**About this exercise:**
Every line from the one that contains "O acceso ó escritorio" to the end of the material below should be output exactly, with both ends included and nothing else.

**Data extract:**
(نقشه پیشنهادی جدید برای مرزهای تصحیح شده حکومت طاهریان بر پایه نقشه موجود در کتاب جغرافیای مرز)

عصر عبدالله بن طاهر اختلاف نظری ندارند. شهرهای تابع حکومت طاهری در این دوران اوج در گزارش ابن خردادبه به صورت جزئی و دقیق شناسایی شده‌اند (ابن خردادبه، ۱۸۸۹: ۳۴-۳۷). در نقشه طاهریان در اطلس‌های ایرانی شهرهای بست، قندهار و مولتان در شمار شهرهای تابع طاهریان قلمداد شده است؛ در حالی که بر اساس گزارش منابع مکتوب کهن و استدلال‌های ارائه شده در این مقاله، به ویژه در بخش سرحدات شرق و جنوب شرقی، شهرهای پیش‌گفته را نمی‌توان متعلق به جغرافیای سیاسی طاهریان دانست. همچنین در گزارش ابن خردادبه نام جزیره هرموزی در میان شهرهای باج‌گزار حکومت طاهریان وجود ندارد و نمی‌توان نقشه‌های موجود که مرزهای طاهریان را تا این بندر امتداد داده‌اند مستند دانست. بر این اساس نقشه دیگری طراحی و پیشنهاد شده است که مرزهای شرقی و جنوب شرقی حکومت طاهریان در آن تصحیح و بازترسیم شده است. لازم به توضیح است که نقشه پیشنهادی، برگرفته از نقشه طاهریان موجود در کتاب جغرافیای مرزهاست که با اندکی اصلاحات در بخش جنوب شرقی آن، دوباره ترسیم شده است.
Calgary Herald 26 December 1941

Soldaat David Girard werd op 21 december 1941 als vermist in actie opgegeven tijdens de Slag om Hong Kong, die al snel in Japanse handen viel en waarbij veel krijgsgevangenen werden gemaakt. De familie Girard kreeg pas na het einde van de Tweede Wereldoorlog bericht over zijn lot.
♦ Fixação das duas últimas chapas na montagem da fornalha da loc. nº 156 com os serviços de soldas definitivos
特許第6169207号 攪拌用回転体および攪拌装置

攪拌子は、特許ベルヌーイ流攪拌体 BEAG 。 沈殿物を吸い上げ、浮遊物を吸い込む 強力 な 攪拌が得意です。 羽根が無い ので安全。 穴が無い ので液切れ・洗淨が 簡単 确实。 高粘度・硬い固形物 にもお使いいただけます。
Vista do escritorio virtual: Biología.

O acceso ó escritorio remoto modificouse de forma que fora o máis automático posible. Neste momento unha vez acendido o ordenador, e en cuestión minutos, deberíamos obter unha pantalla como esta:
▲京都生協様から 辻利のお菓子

**Solution for this task:**
O acceso ó escritorio remoto modificouse de forma que fora o máis automático posible. Neste momento unha vez acendido o ordenador, e en cuestión minutos, deberíamos obter unha pantalla como esta:
▲京都生協様から 辻利のお菓子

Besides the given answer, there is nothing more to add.